While there are over 200 species in the Abutilon genus, there are many hybrids in that group. Abutilon x hybridum, also known as Flowering Maple, is a popular "frost-tender" mix of A. darwnii, A. striatum, and A. pictum that prefers warmer climates and can grow anywhere from eight to 10 feet tall. The hybrid "Bartley Schwartz" has salmon-orange-colored flowers, while A. palmeri has yellowish ones.
Who’s Who in Abutilon?
Gardeners will recognize some of famous botanists associated with certain Abutilon species. A. darwinii, or Indian mallow, is a Chinese Lantern species from Brazil with pinkish-red flowers and large, broad leaves. Named after Charles Darwin by Joseph Hooker, this species was collected during Darwin’s iconic voyage on the H.M.S. Beagle. Palmer’s Indian mallow, or A. palmeri, is a species native to the southwestern United States and northwestern Mexico that has brilliant yellow flowers. This species is named after Edward Palmer (1831-1911), an English immigrant who collected botanical samples extensively in the American Southwest. Their grayish leaves feel like velvet when touched. This species is often specifically cultivated for garden restoration projects. A. wrightii, named after Charles Wright (1811-1885), is a low-growing species found in Mexico, New Mexico, and Texas that also has striking yellow flowers.
Uses for Abutilon
Indian mallow was used in Ayurvedic medicine to treat a litany of illnesses, including nervous disorders, headaches, bleeding problems, and gonorrhea. All parts of the plant were used.

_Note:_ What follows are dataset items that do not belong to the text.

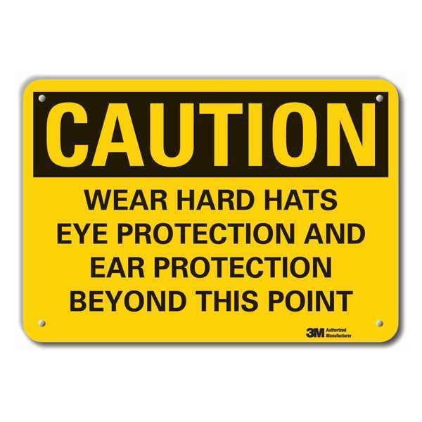 Caution Sign, Vertical Rectangle, Number of Printed Sides 1, English, Sign Format Traditional OSHA, Sign Legend Wear Hard Hats Eye Protection And Ear Protection Beyond This Point, Sign Legend Background Color Yellow, Sign Legend Style Text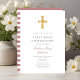 Personalizado De Tiras Rosadas Modernas Invitación A La Primera Comunión Chica.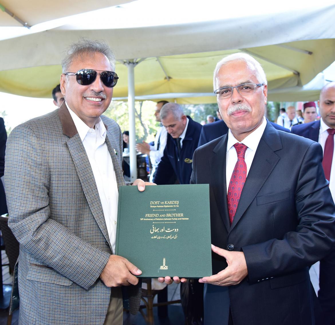 Dr. Eren a présenté au Président du Pakistan un album de photographies intitulé “Friend and Brother: 70th Anniversary of Relations between Turkey and Pakistan” publié à l’occasion de la 70e année des relations entre le Pakistan et la Turquie. L’album avait été préparé par l’IRCICA et le Ministère des Affaires Etrangères de la Turquie. Il comporte une Préface par le Président de la Turquie, S.E.M. Recep Tayyip Erdoğan. Il contient les reproductions de documents historiques, de photographies de rencontres diplomatiques et de timbres postaux commémoartifs. Les matériels avaient été compilés à partir des archives de l’IRCICA. Dans l’ensemble, ils donnent un aperçu de l’amitié exemplaire entre les deux pays.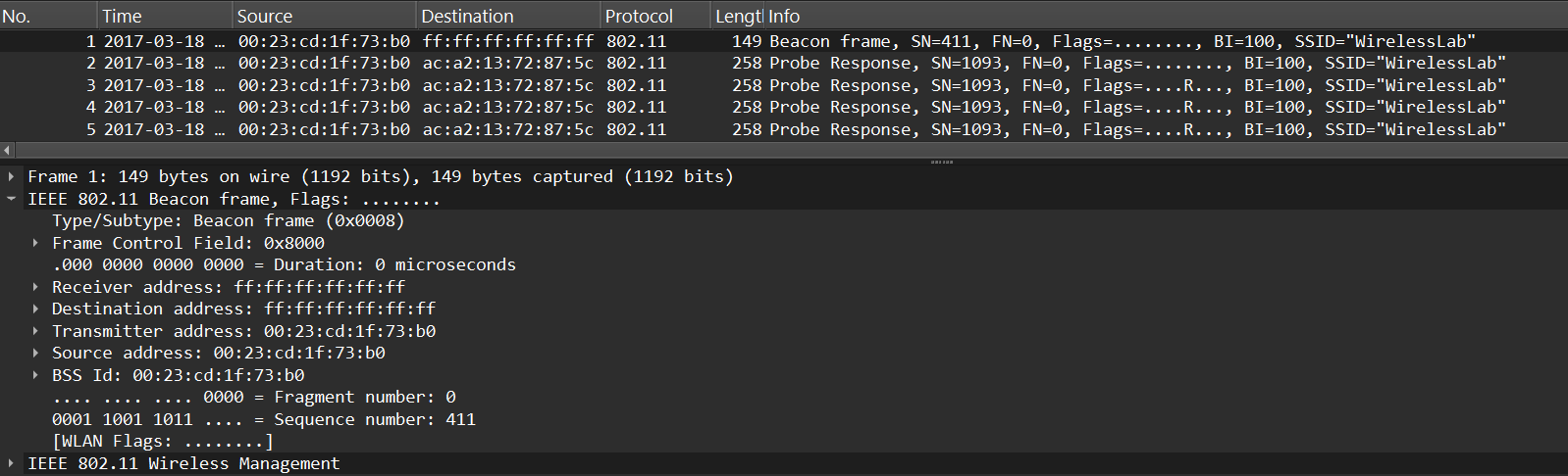 Opening the provided pcap file shows that it captures network traffic related to the 802.11 protocol. ** IEEE 802.11** is the standard that defines how Wi-Fi operates at the Physical (PHY) layer and the Data Link (MAC) layer.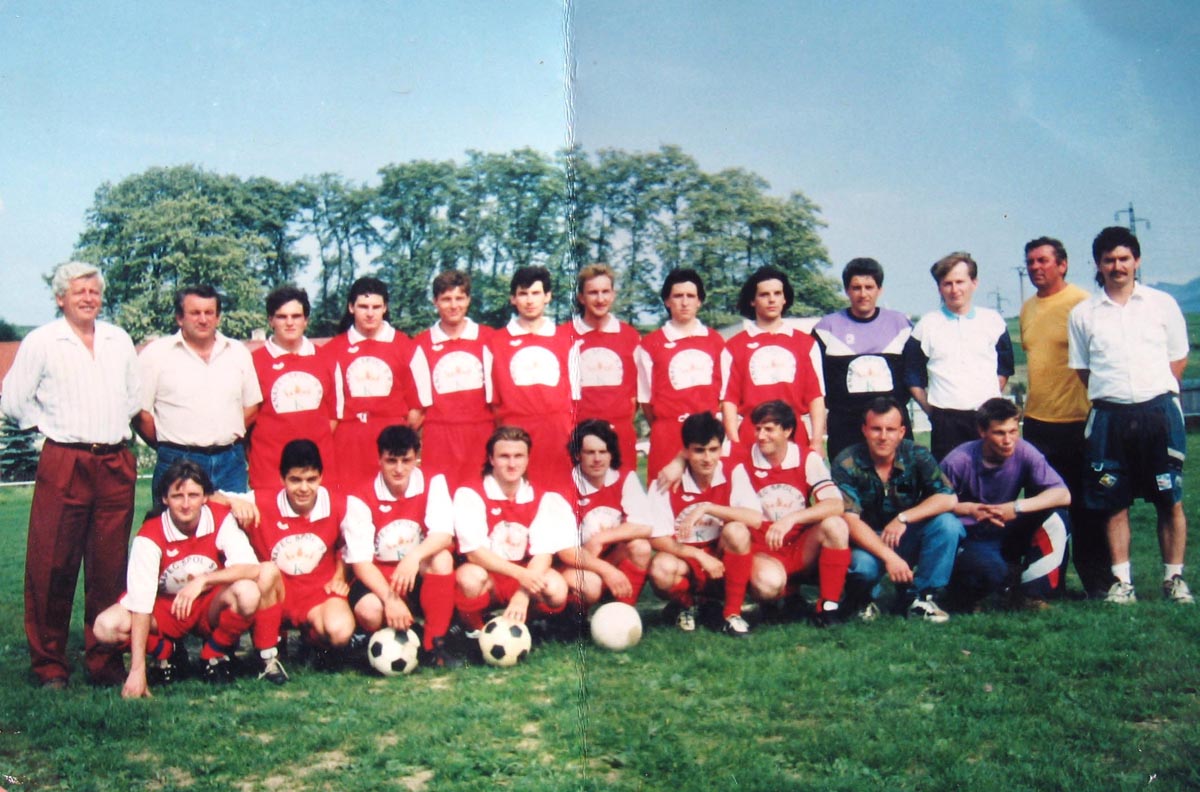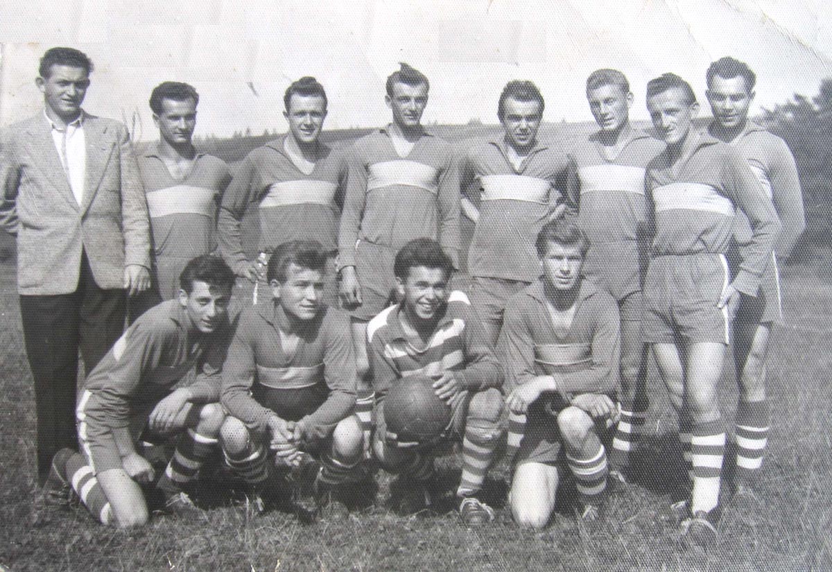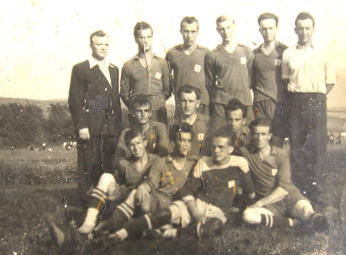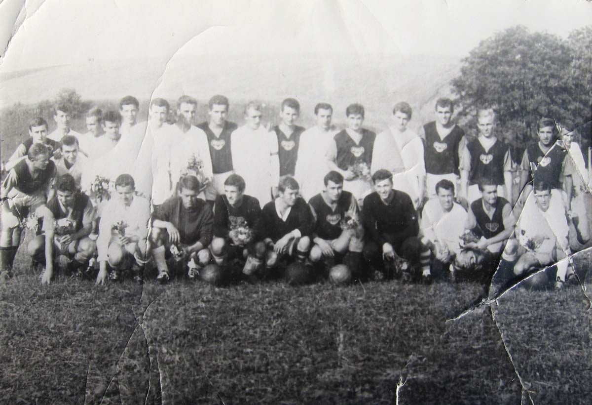 Futbalové mužstvo mužov r. 1969. Milan Čibenka (predseda), Ľubomír Knapec, Karol Beniač, Vladimír Krajči, František Bukovinský, Ladislav Knapec, Pavol Magoč, Tibor Diablik, Anton Kotrbanec Dole: Miroslav Kotrbanec, ?, Slavomír Krajči, Miroslav Holeša, Vla

While it depends largely upon location, Abutilon plants are now mostly grown for their colorful flowers and thick foliage. In certain areas, they can become invasive, so gardeners should always to do their best to monitor and contain those species. Those grown in warmer climates can form multiple stems with dense foliage and make great privacy screens or thickets. Others that are more vine-like in nature can be trained to climb trellises or arbors for some extra summer shade. Many Abutilon species also attract hummingbirds and butterflies, meaning they're both a colorful addition to the garden and a pollinator-friendly flower.